Posted by Elsa Peterson Obuchowski on June 27,2010 | 11:12 AM
The Oil Spill in the Gulf of Mexico looks to be sitting right in the path of the Kemp's ridleys as they go from Mexico out to the Sargasso Sea.
Posted by David Bunn on May 27,2010 | 10:27 PM
This was an interesting report on a wasteful exercise in futility. There are two inexorable natural laws that apply to all species except mankind: Survival of the fittest and the extinction of species that cannot cope with changes in their environment. The Endangered Species Act is maudlin sentimentality carried to the level of genius, as man himself is one of the endangered. As we consume the nonrenewable resources essential to our civilization the ultimate outcome may eventually be a few hardy survivors scrabbling their existence from the renewable resources with their bare hands as in prehistoric days; only the date is uncertain. I have seen no figures, but I'll guess that there are as many extinct species as extant, and I am quite happy that the dinosaurs, mammoths and sabretooths are no longer with us. Man is the ultimate predator because he is prey only to other men and his needs are exhausting those of the other claimants.
I write this at the risk of assassination by the Sierra Club!
James H. Reynolds
Posted by James Reynolds on May 25,2010 | 09:18 AM
What are the reasons that Kemp's ridley turtles wash up on Cape Cod and not in other beaches?.
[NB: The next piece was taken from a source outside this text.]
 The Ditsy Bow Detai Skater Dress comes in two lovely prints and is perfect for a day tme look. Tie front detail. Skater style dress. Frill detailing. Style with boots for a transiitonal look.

Posted by Sheyla Sandoval on May 21,2010 | 11:46 AM
Thank you for telling us about these dedicated caregivers and the progress they are making in conserving sea turtles. The article also made me feel less "odd"! I'm one of those who help turtles cross roads. Once when I had stopped to assist a turtle another motorist thought I, personally, needed help and so he stopped. When I started to run to avoid traffic, he ran, too. Seeing him running after me, a state trooper concluded I was being chased and he, too, stopped. When I sheepishly explained I was just trying to help the turtle, he laughed and said he always worried about them, too. Many people care about the turtles!
PS Remember that great car commercial where the couple helped the sea turtle?
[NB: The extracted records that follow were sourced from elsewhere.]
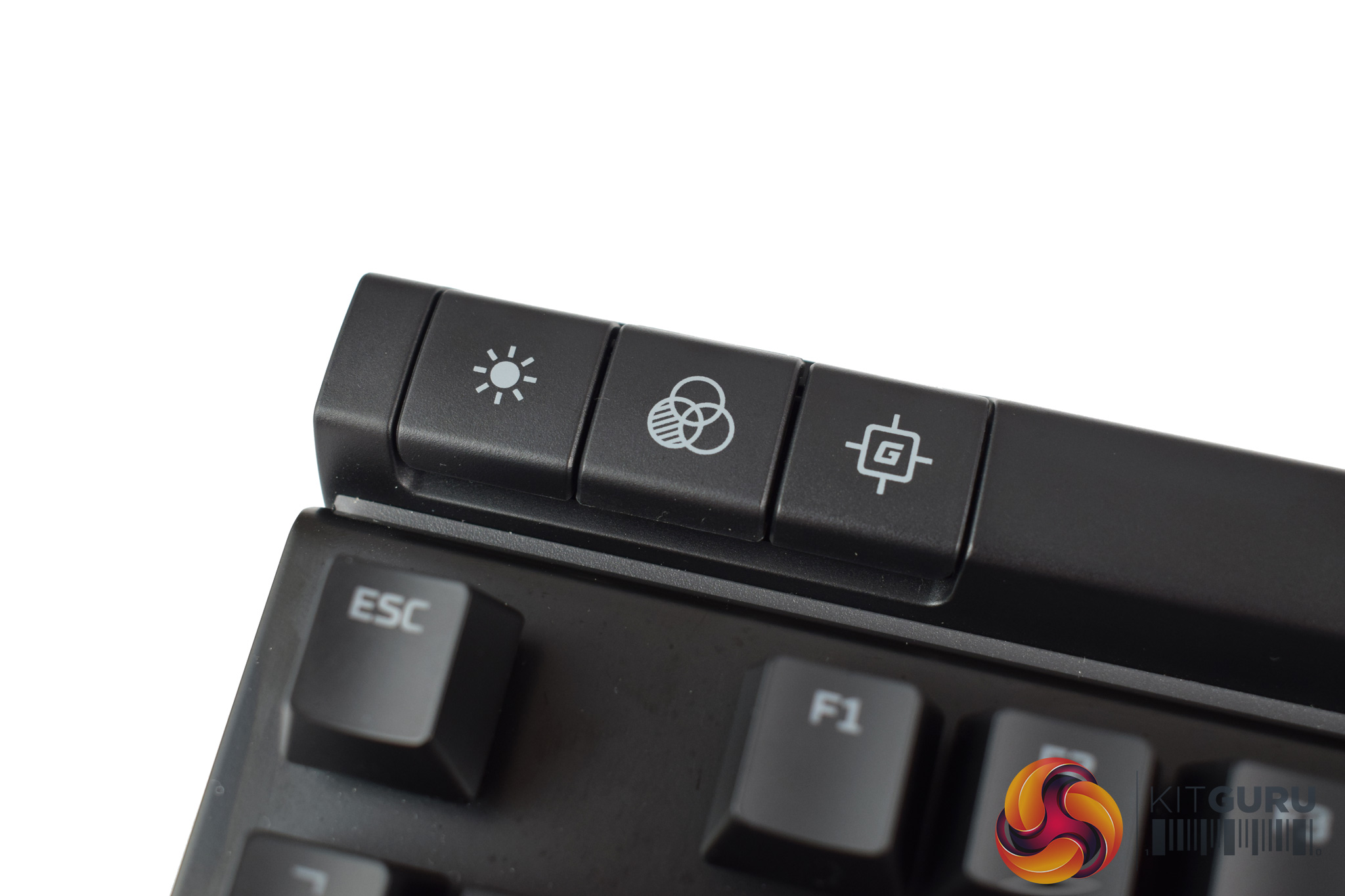Two of the more obvious differences between the Alloy FPS and the Elite are the dedicated LED and media controls. Above, left, you can see the LED controls that are on the left-hand side of the board. From left-to-right, these buttons are as follows: brightness, LED mode, and the game mode enabler.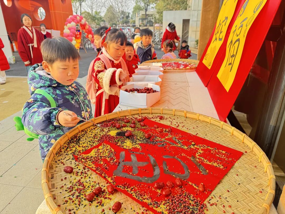 ▲车谷智慧幼儿园萌娃们用小手舀起寓意着“福气”的米粒,放入充满福气的大簸箕中,寓意着新的一年五谷丰登、福气满满!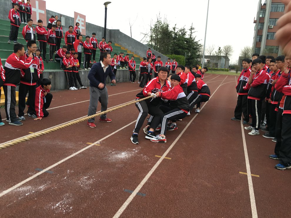 在班主任的带领下,清一色的男生队伍展现在我们面前,摩拳擦掌,跃跃欲试。随着比赛的哨声响起,一场力量之间较量就此展开。各班选手们按照原先商量好的作战技巧,双手紧握麻绳,以蹲坐之势身体微向后倾使重心后移,双方都用尽全力拉扯。他们不顾手掌与麻绳间摩擦的疼痛,一个个涨红了脸,用尽全身力量来赢得比赛。在外援老师的帮助下,赛情变得更加激烈,使场面常常陷入僵持状态,一时间难以分出胜负。最后在意志的较量下终于有了胜负结果。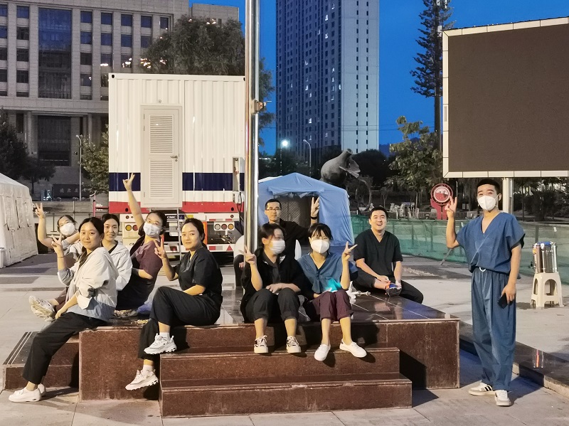 2022年8月底,接到鎮(zhèn)原縣大規(guī)模核酸檢測(cè)任務(wù)后,由我院副院長(zhǎng)開金龍帶隊(duì),同時(shí)抽調(diào)我院移動(dòng)方艙實(shí)驗(yàn)室及11名檢驗(yàn)人員緊急支援。八九月份,正值黃土高原的“秋老虎”天氣,酷熱不減,隊(duì)員們?nèi)投荚诼短鞆V場(chǎng)簡(jiǎn)單對(duì)付,加之方艙制冷系統(tǒng)臨時(shí)故障,幾位隊(duì)員甚至出現(xiàn)暈厥、中暑癥狀,但隊(duì)員們毫不退縮,在短暫休息后仍堅(jiān)持不離崗。支援13天,共檢測(cè)樣本43萬人次,單日最高檢測(cè)量達(dá)9千管。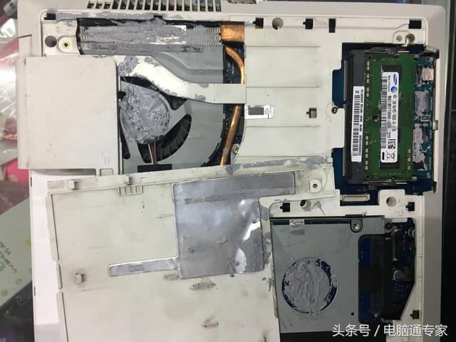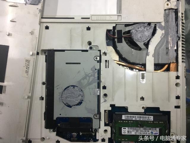 上图我们大家应该看的非常的直观了吧,这位朋友的机子是三星的,自己没有拆开就这样处理了,发现电脑还是非常的卡于是找到了我,第一眼看到后就是忍不住的捂着嘴笑了,不是笑他无知而是单纯的看着这种“神操作”笑,毕竟他不是专业的,可是平时生活中一点积累的经验都没有吗?不过也的确挺佩服他的胆量的,难道就不怕把电脑弄坏了吗?我们在来给这几个硬件来几张特写的照片。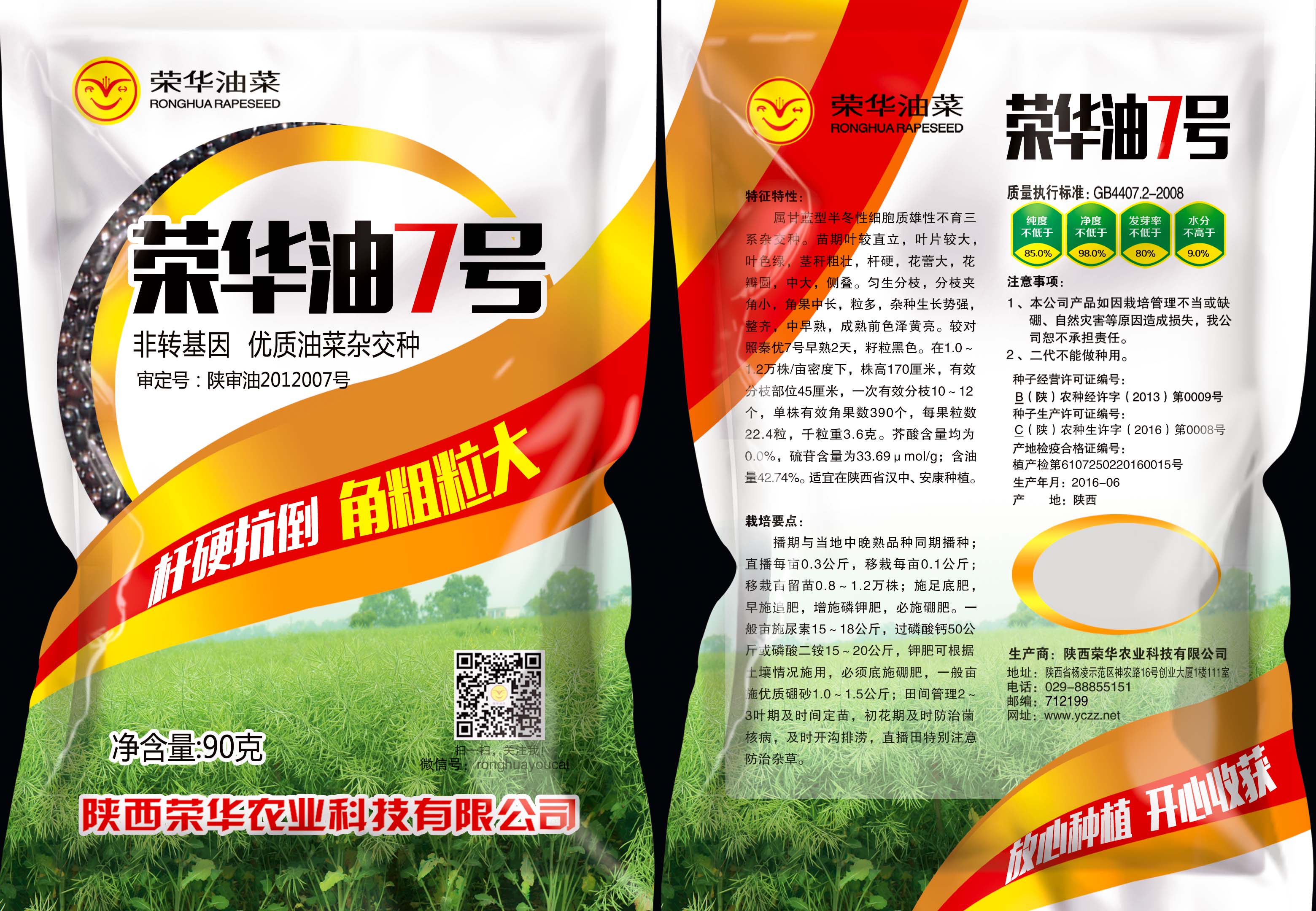 榮華油7號(hào)(審定編號(hào):陜審油2012007)是陜西榮華農(nóng)業(yè)科技有限公司自主選育的甘藍(lán)型、半冬性細(xì)胞質(zhì)雄性不育三系雜交種,適宜在陜西漢中、安康和生態(tài)類型相似區(qū)域種植。該品種分枝部位低、分枝數(shù)多、分枝夾角小、株型緊湊、適合密植和機(jī)械化收割,抗倒性強(qiáng),中抗菌核病,是目前生產(chǎn)上輕簡化栽培的最優(yōu)品種之一。

Posted by Rebecca Stevens on May 18,2010 | 12:51 PM
Concerning your article, "Coldblooded Rescue":
All life forms live because of their ability to adapt to their environment, i.e., fit enough to survive. We humans are an integral part of the environment of sea turtles. This article reports another case of well-meaning humans adapting the environment to suit the limited survival ability of the turtles. As the turtles continue to breed, the same penchant for getting stuck in the cape will expand. In simpler terms, these people are making the adaptability - hence the survivability - of these sea turtles dependent on them. What will happen to them in 20, 50, 100 years? It appears that not all migrating turtles get stuck there. Perhaps they have learned to avoid the cape; their offspring will "survive." Are these people helping or hurting the species?? We need to appreciate Darwin's message a bit more.
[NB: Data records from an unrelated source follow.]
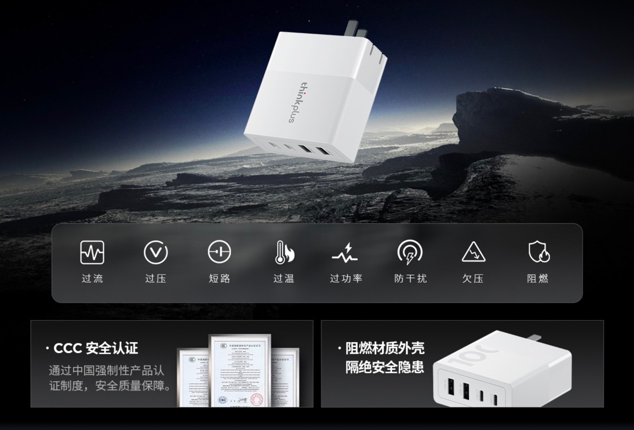 另外,根据官网介绍,thinkplus 光影系列充电器还支持多种防护设计和阻燃材质外壳,并通过了中国强制性产品认证。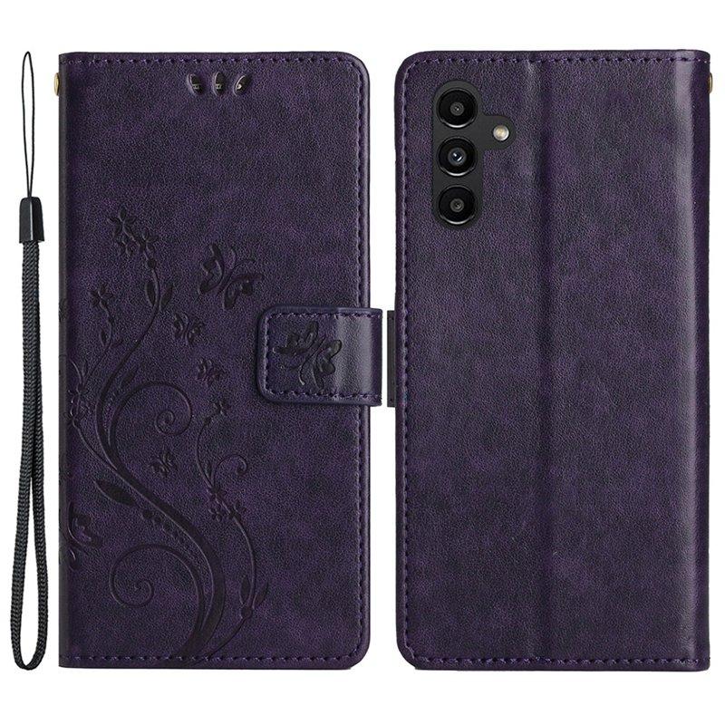 Samsung Galaxy A35 5G Fodral Äkta Läder Fjärilsdesign - Mörklila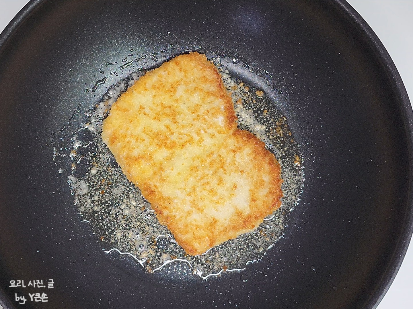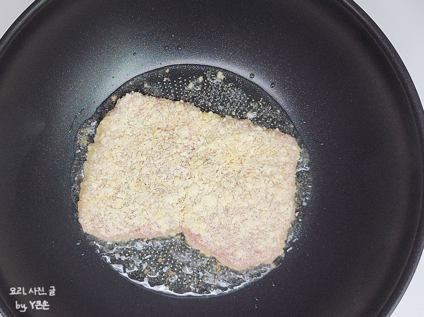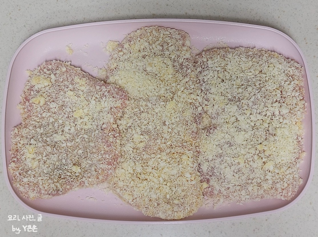 잠시 두셨다가 튀기면 빵가루가 많이 떨어지지 않아 타지 않고 바삭하게 튀길 수 있어요.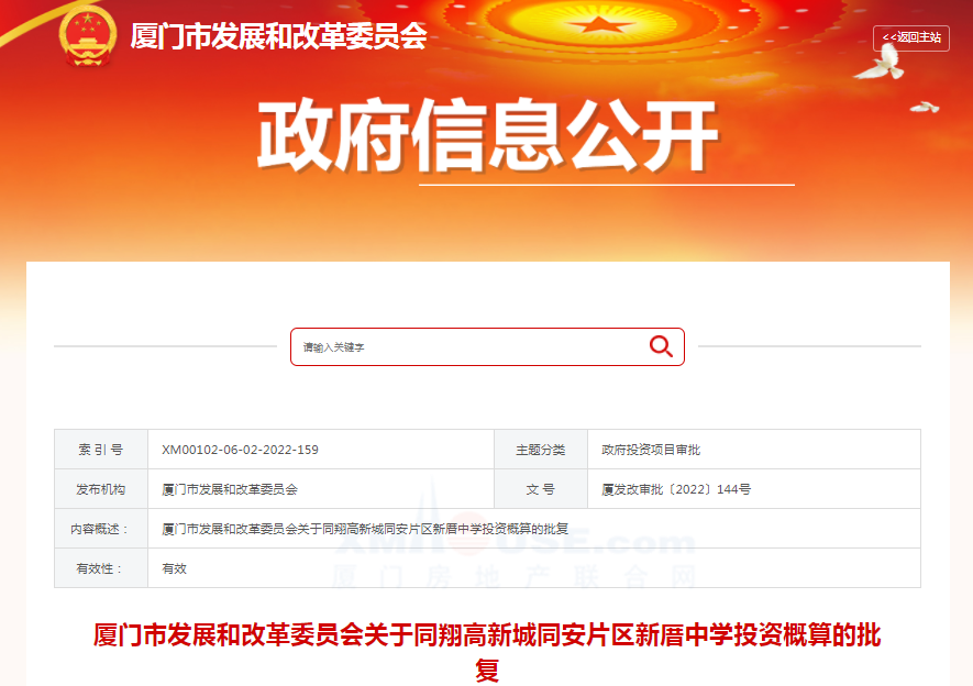 剛剛,廈門市發(fā)展和改革委員會(huì)發(fā)布關(guān)于同翔高新城同安片區(qū)新厝中學(xué)投資概算的批復(fù),同意批準(zhǔn)同翔高新城同安片區(qū)新厝中學(xué) 投資概算。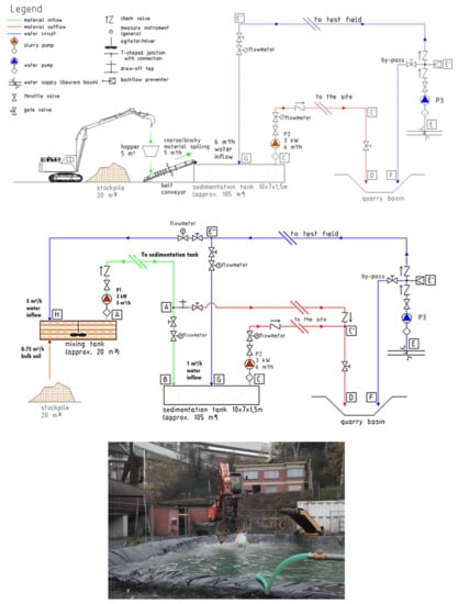 Schemes for alternative feeding of soils into the basin: bucket excavator and conveyor belt (top), pumping of slurry (middle), and picture of the installation (bottom). Capital letters (in squares) are references for the identification of the individual branches of the hydraulic circuits.

Many kudos to your excellent magazine.
Posted by Wayne Gonzalez on April 30,2010 | 11:05 AM
I am totally worried about those banana boxes.
THEY USED TO BE TREATED WITH CHEMICALS to prevent importing pests with the product. There may be treated inserts now, like grape boxes have. Even after removal of the inserts, the boxes could have residuals that might be harmful to weakened survivors.
Posted by John H. Salomon on April 29,2010 | 10:29 AM
Terrific article, but I'm unhappy that my paper issue this month was so badly put together that some stories (like this one) had repeated beginnings (duplicated pages), and NO END, so I was unable to finish reading this story in the actual magazine. Thank goodness it's available online!
Posted by Krista Thompson on April 26,2010 | 11:59 AM
Terrific article about the dramatic rescue and rehab of the endangered Kemp's ridleys. The video made me cry to see these magnificent little animals on their way back to the wild, healthy and whole.